また、出産が近くなってからできることもあります。

適度な運動

妊娠前のような、激しい運動はできませんが、筋力を維持するためのウォーキングなどの運動は良いとされています。

骨盤の筋肉が鍛えられれば、子宮口が柔軟になり、子宮口も開きやすくなります。

妊娠中の運動としては、安定期などは、マタニティスイミングも有名ですよね。

なお、安静指示が出ている場合、運動はできません。

妊娠週数によってもできる運動は異なるので、自分の体調とあわせ、医師とよく相談しましょう。

柔軟体操

股関節の柔軟性はもちろんのこと、産道周囲の筋肉をほぐすことも大切です。

安産に向け、日々できる柔軟体操があります。

母親学級などでも紹介されているので、体調にあわせて取り入れてみましょう。

妊娠中は無理な動きはできませんが、最近有名なのがマタニティヨガ。

ヨガは体の柔軟性を高め、筋力の維持にも役立ちます。

気分転換にもなりますし、体調が安定している場合、ヨガに挑戦してみてはいかがでしょうか。

また、下半身だけでなく上半身のストレッチでも、血行が良くなり良い影響があります。

体重管理

妊娠中、苦労するのが体重管理かもしれません。

妊娠後、無理なダイエットはできませんが、太り過ぎず、痩せすぎず適正体重をキープするようにしましょう。

妊娠前と比べ、食欲が増したり、体重が増えやすくなるわりには、運動不足になってしまったり…。

妊娠前と比べると体重管理は難しいですが、バランス良い食生活をし、できる運動は取り入れるなどしましょう。

後期には雑巾がけ?

安産のためには雑巾がけが良い、と昔の人は言っていました。

それは雑巾がけにより、股関節が柔らかくなり、筋肉も鍛えられるからです。

都市伝説のようなことですが、理にかなっています。

また、雑巾がけをする際は、必ず膝をつくようにしましょう。

膝を上げた状態で行うと、バランスがとれず危険ですし、逆子になってしまうなどのリスクもあります。

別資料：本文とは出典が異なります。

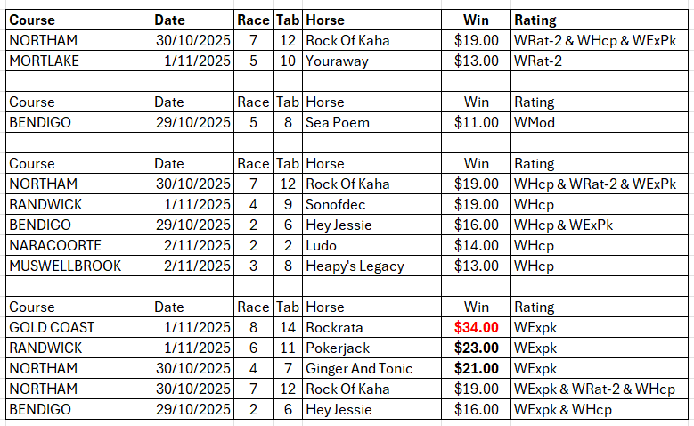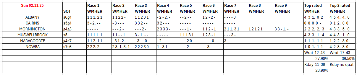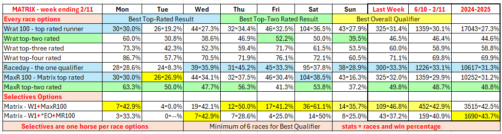 The full day-by-day results for Wizard (Wrat) top 4 rated runners, the Raceday Qualifier, and the Matrix (MaxR) 100 pointer, the MaxR top-two, the Matrix W1+MaxR100 qualifier, and the Matrix W1+*EO+MaxR100 qualifier. Also included are the overall results for last week and the last four weeks. The 2023-2024 column shows the WRat results for the full 2023-2024 racing season. This results summary is colour coded so that it is easier for readers to track the relative performance of the Top Rated (blue) and Top-Two Rated (green) ratings options on a daily, and longer term, basis. The best overall qualifier (yellow) is also highlighted. (The Matrix report is posted to this website between 10:30am and 10:45am, and updated around 12 noon, each day.)

体調が良ければ、赤ちゃんが生まれても良い頃になったら、赤ちゃんを迎えるために、室内の雑巾がけもお勧めです。

会陰マッサージ

妊娠後期に、会陰をマッサージし、お産の進行がスムーズになることを期待する方法です。

分娩中に、会陰がよく伸びれば赤ちゃんが出てきやすくなりますし、会陰切開をしなくて済めば、産後の傷の痛みも楽ですね。

しかし、自分でマッサージを行うのは、怖い…という方もいるでしょう。

しっかりマッサージをしようと思うと、最初は抵抗があるかもしれないので、最初のうちは温タオルなどで、会陰を温め、血流をよくして会陰をほぐすところからスタートするのもお勧めです。

まとめ

  • 昔よくいわれた安産型とは、お尻の大きい女性のこと。
  • お尻が大きいと骨盤が大きいことが多く、骨盤が大きいと赤ちゃんが通りやすく安産になりやすいからである。
  • しかし、お尻が大きいと必ず骨盤が大きいわけではなく、安産になるためには、他の条件も大切である。
  • 安産型にも安産にも明確な定義はなく医学的な根拠もない。
  • 他に安産になりやすい条件として、標準体型、冷え性でない、適度な運動をしている、体が柔らかいなどがある。
  • 妊娠前から、適正体重をキープし、運動など健康的な体を作ることが大切。
  • 妊娠後も、体重管理、運動、柔軟体操などにより、安産に向けた体作りができる。